### Task instructions
The output should match, line for line, the records from the line containing "Una mappa degli" through the line containing "The downstairs lounge", with every picture left out.

### Material provided
---

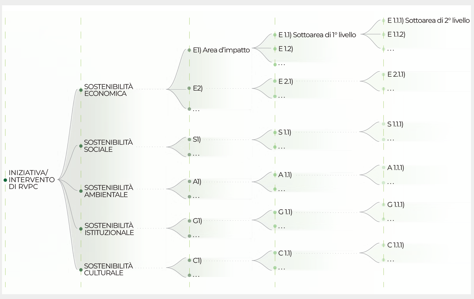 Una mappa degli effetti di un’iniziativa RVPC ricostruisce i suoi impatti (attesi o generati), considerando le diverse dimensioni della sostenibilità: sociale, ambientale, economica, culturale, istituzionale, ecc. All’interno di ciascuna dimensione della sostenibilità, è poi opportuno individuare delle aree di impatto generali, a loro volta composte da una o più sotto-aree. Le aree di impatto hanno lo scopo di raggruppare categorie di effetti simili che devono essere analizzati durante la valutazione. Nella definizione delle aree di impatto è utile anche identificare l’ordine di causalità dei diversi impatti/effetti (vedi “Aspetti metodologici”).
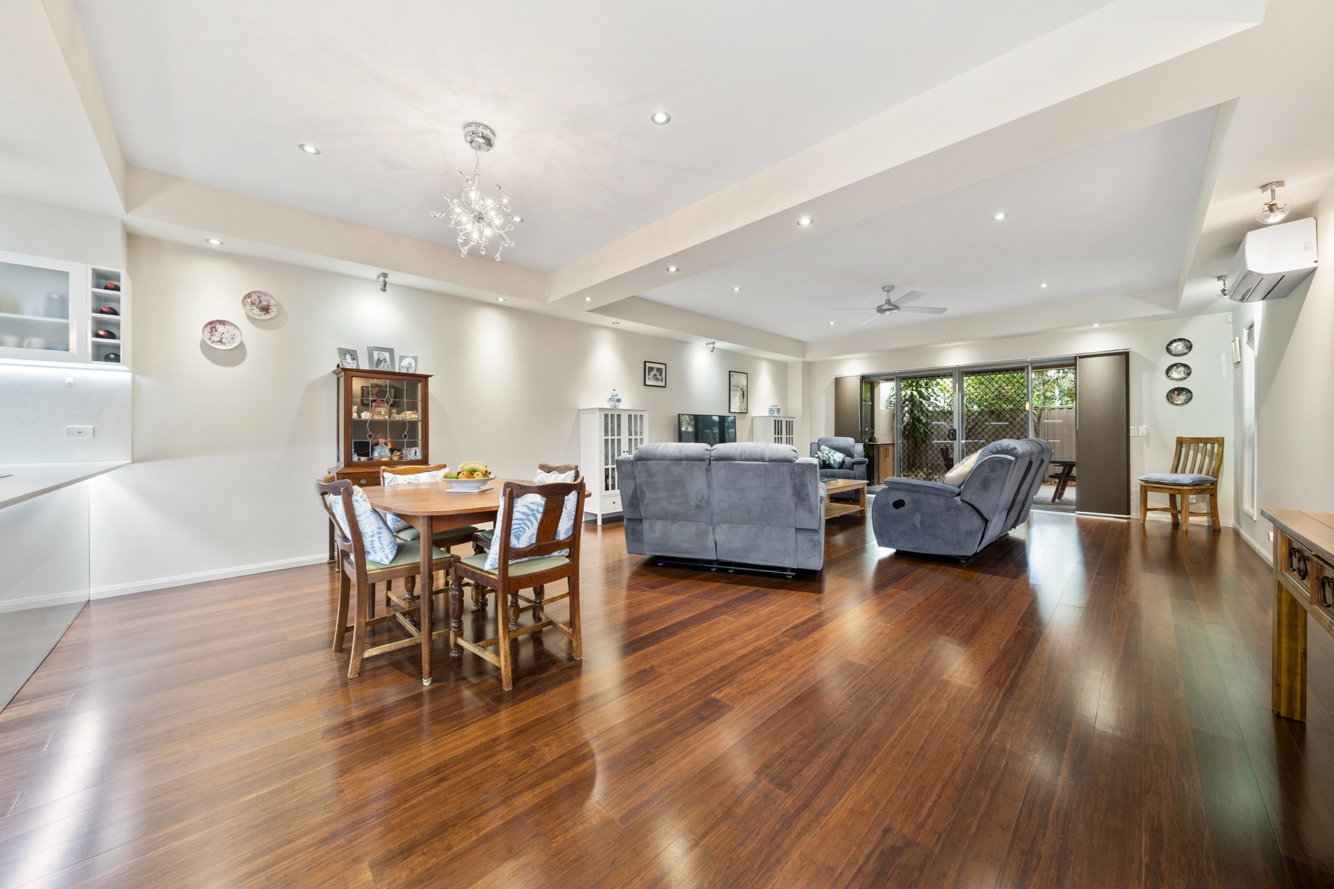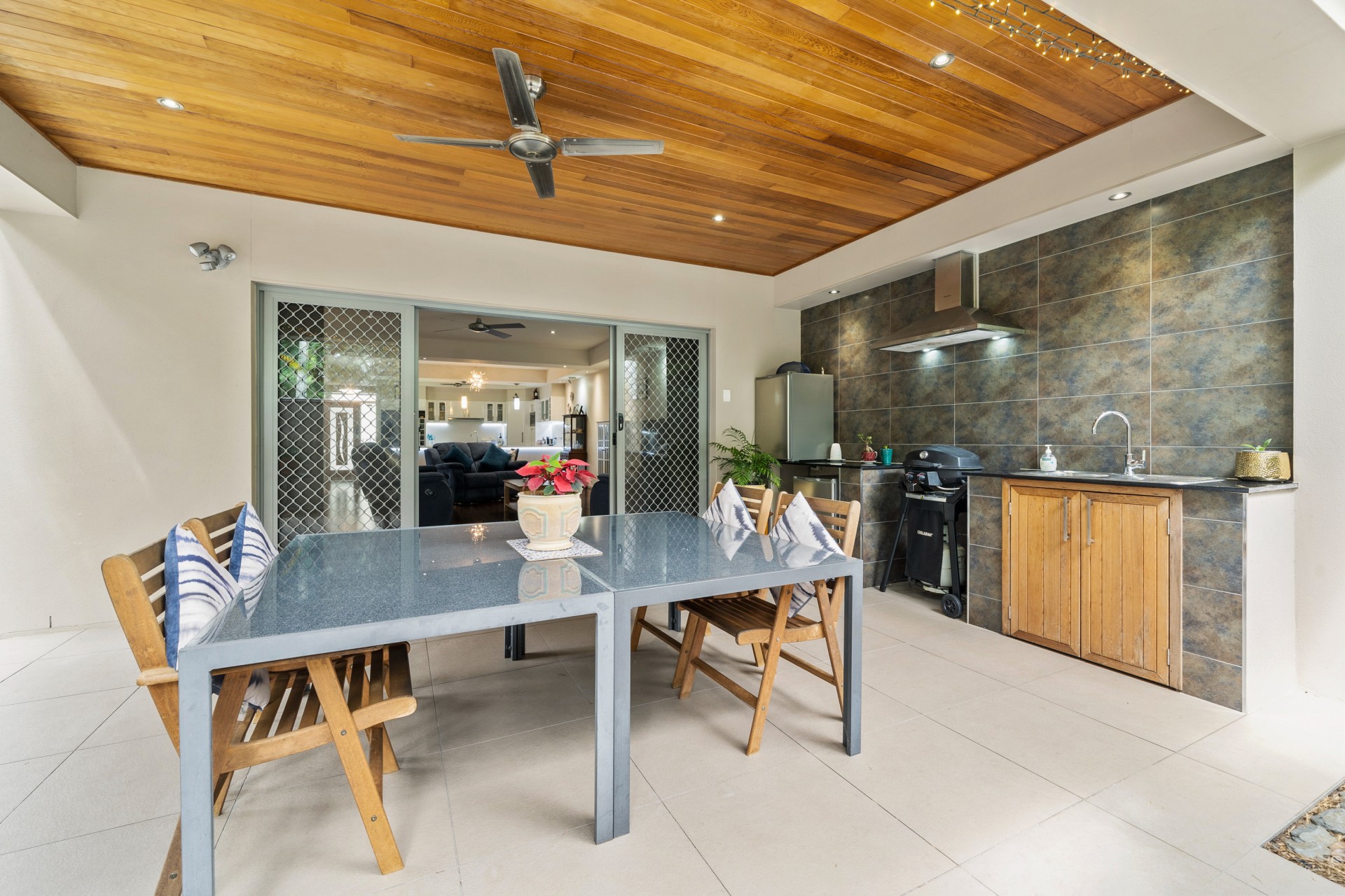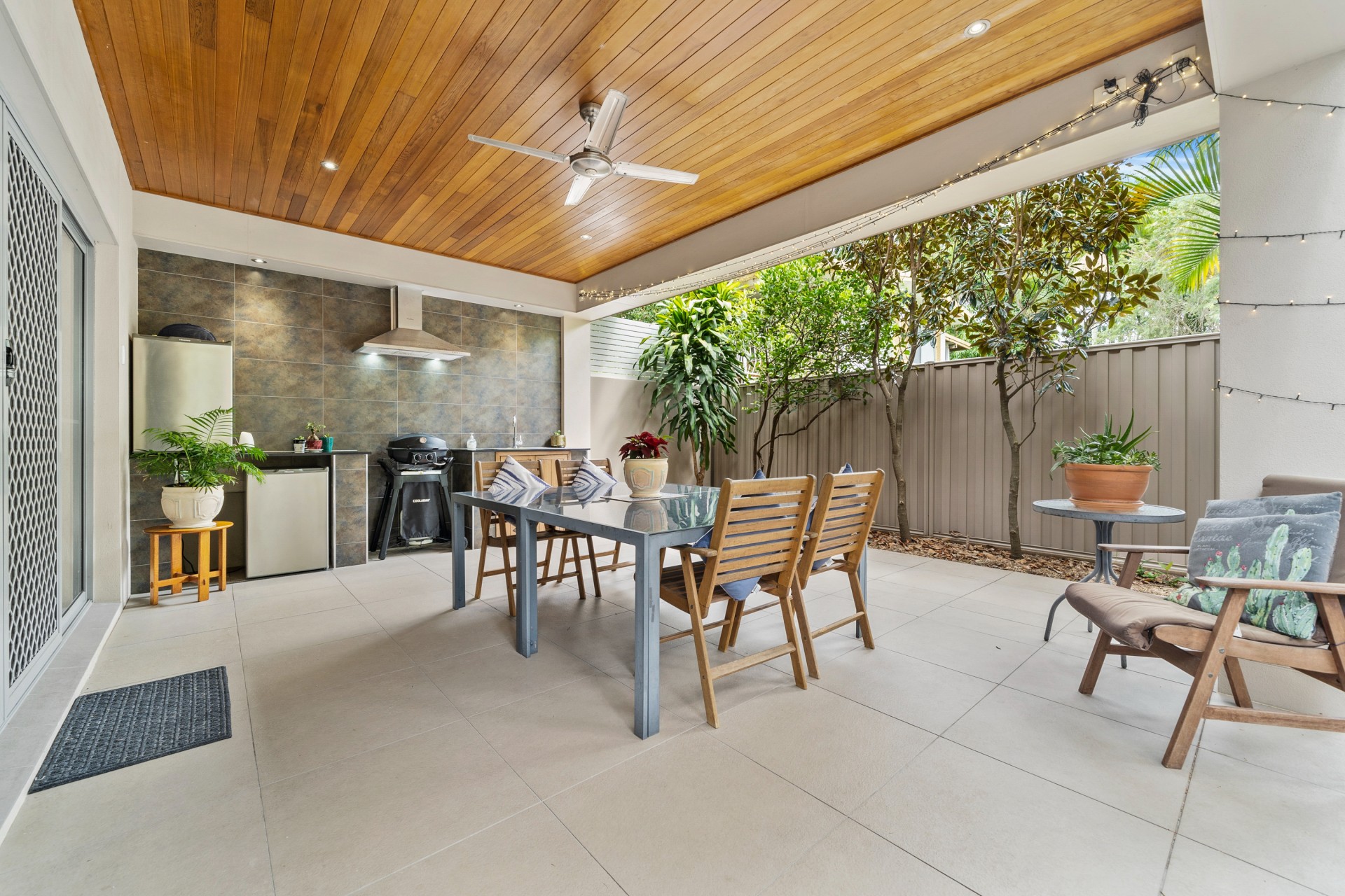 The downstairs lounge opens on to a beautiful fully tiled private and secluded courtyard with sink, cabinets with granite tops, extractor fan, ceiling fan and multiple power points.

---

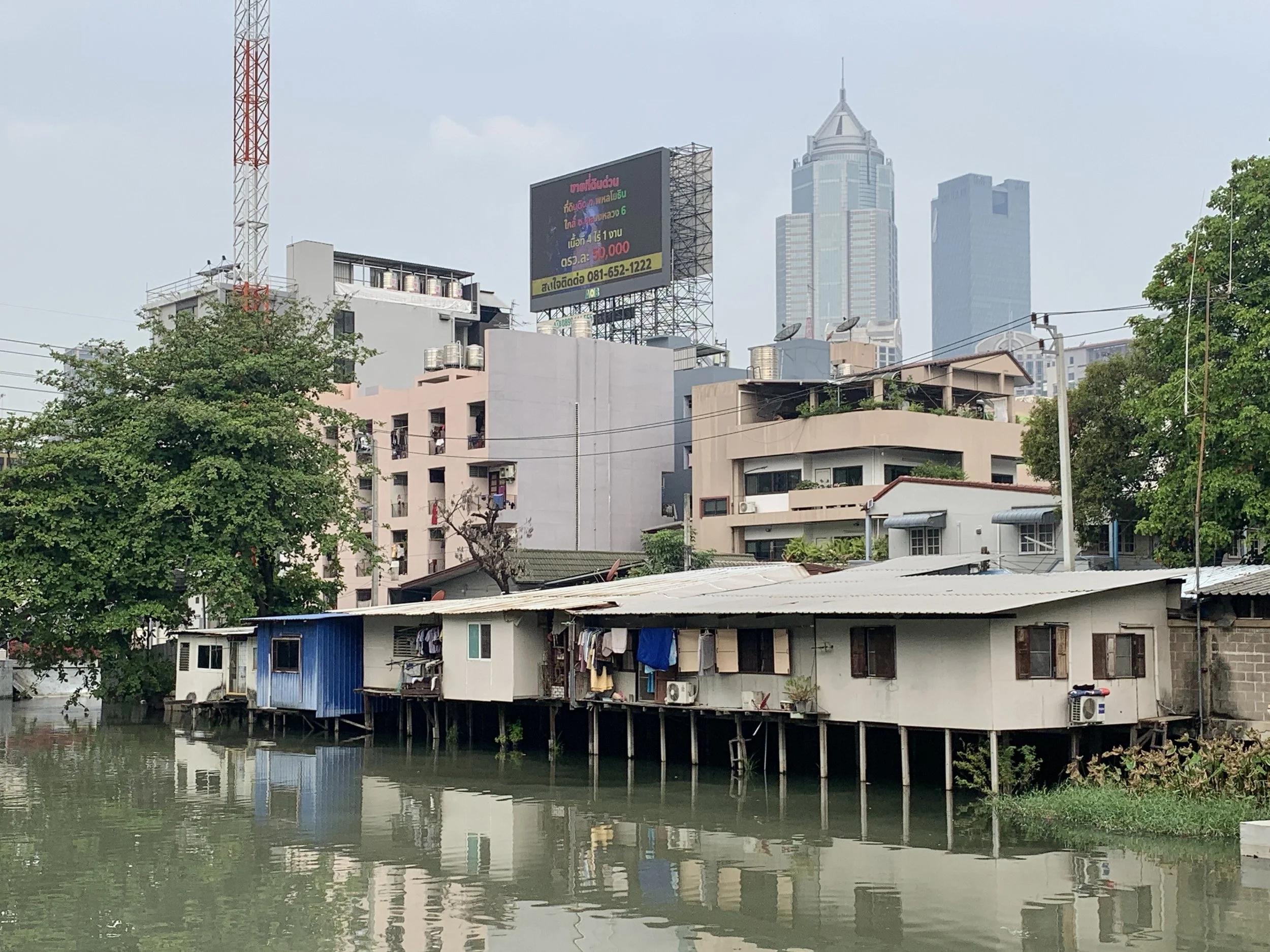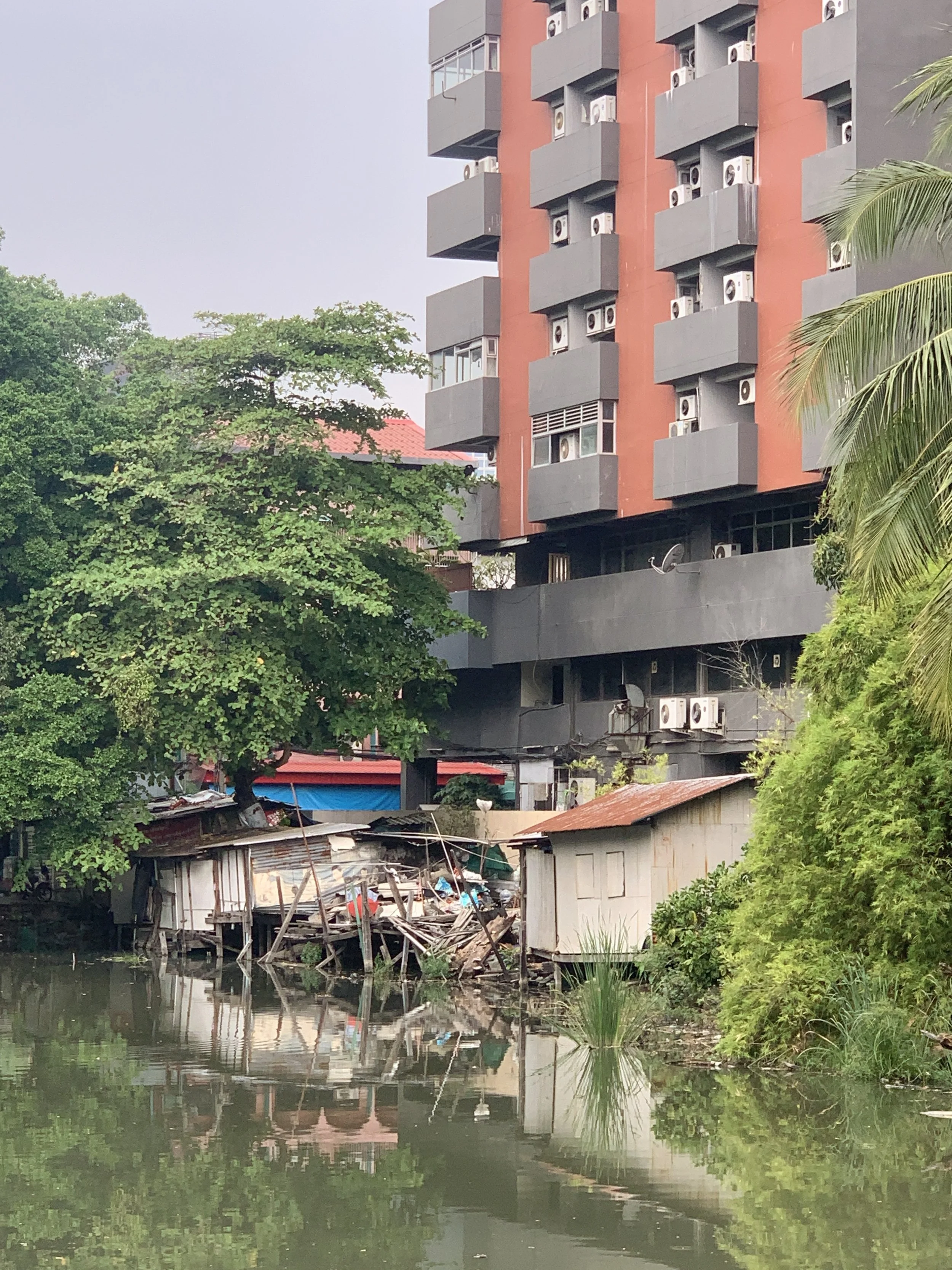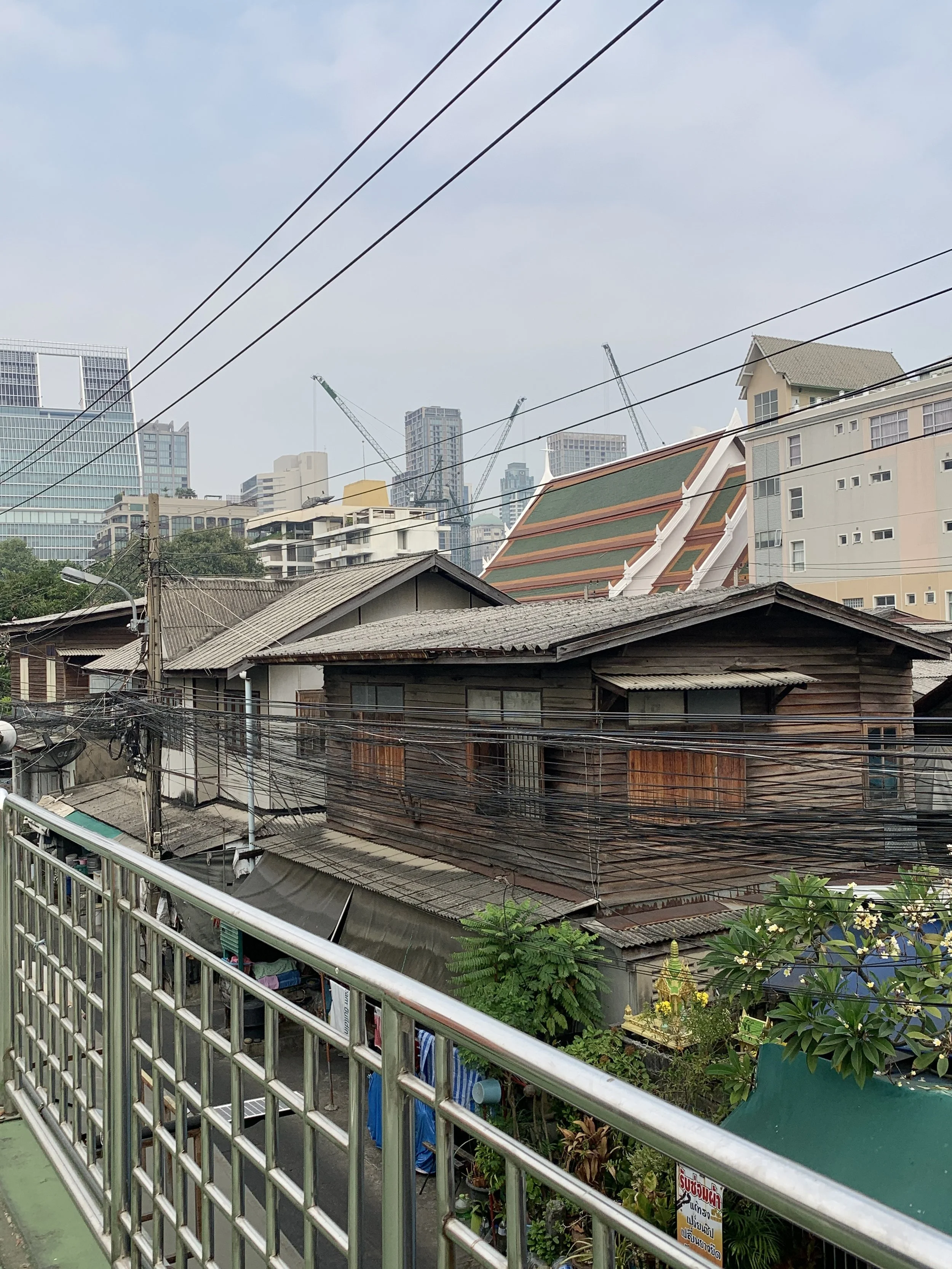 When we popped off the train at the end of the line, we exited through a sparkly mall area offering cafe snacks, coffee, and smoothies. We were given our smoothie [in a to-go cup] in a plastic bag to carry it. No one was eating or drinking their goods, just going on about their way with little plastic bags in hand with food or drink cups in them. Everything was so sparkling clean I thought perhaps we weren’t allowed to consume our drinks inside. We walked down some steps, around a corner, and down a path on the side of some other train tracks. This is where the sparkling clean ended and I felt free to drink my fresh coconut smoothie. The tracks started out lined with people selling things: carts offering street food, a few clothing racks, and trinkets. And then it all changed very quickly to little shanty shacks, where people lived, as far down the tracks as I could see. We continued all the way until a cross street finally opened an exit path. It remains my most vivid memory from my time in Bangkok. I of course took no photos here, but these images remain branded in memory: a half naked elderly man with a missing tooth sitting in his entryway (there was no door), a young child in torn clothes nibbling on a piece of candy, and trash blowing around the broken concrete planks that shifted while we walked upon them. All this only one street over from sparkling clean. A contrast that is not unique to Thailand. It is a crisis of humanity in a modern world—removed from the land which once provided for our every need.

---

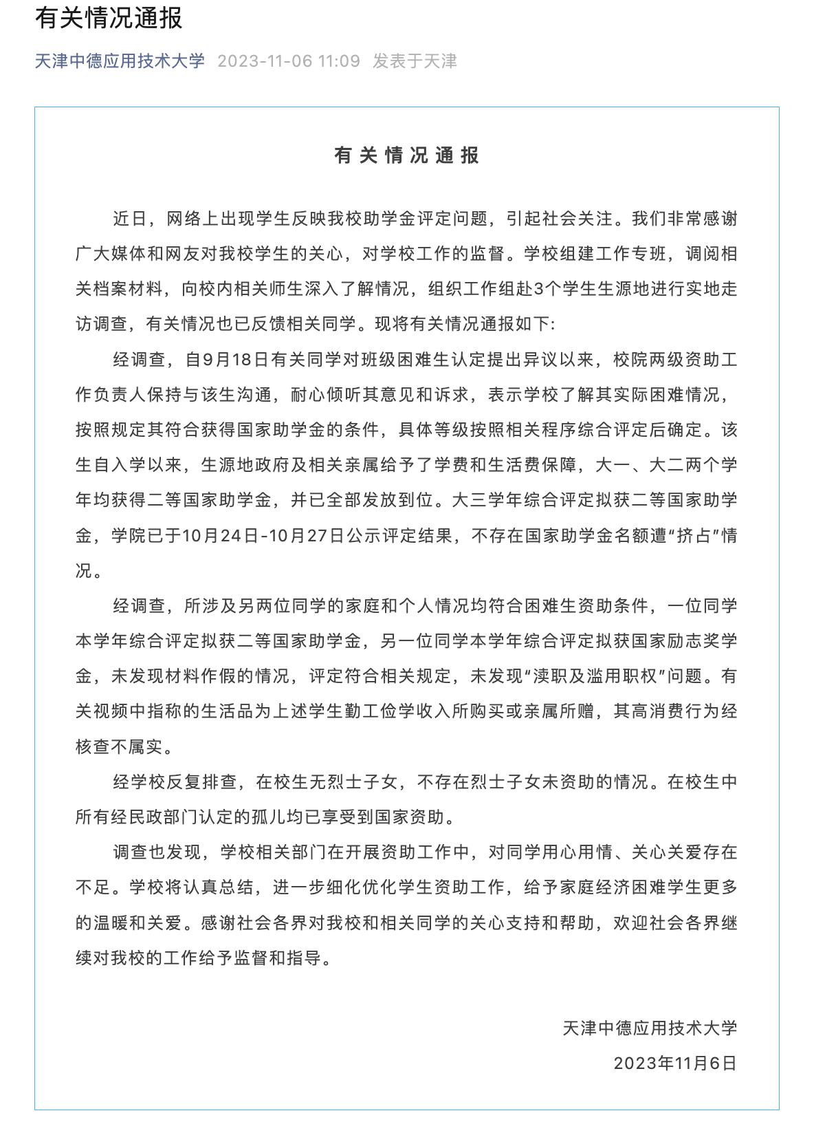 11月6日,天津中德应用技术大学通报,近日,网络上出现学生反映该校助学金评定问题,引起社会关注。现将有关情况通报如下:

---

### Your solution
 Una mappa degli effetti di un’iniziativa RVPC ricostruisce i suoi impatti (attesi o generati), considerando le diverse dimensioni della sostenibilità: sociale, ambientale, economica, culturale, istituzionale, ecc. All’interno di ciascuna dimensione della sostenibilità, è poi opportuno individuare delle aree di impatto generali, a loro volta composte da una o più sotto-aree. Le aree di impatto hanno lo scopo di raggruppare categorie di effetti simili che devono essere analizzati durante la valutazione. Nella definizione delle aree di impatto è utile anche identificare l’ordine di causalità dei diversi impatti/effetti (vedi “Aspetti metodologici”).
 The downstairs lounge opens on to a beautiful fully tiled private and secluded courtyard with sink, cabinets with granite tops, extractor fan, ceiling fan and multiple power points.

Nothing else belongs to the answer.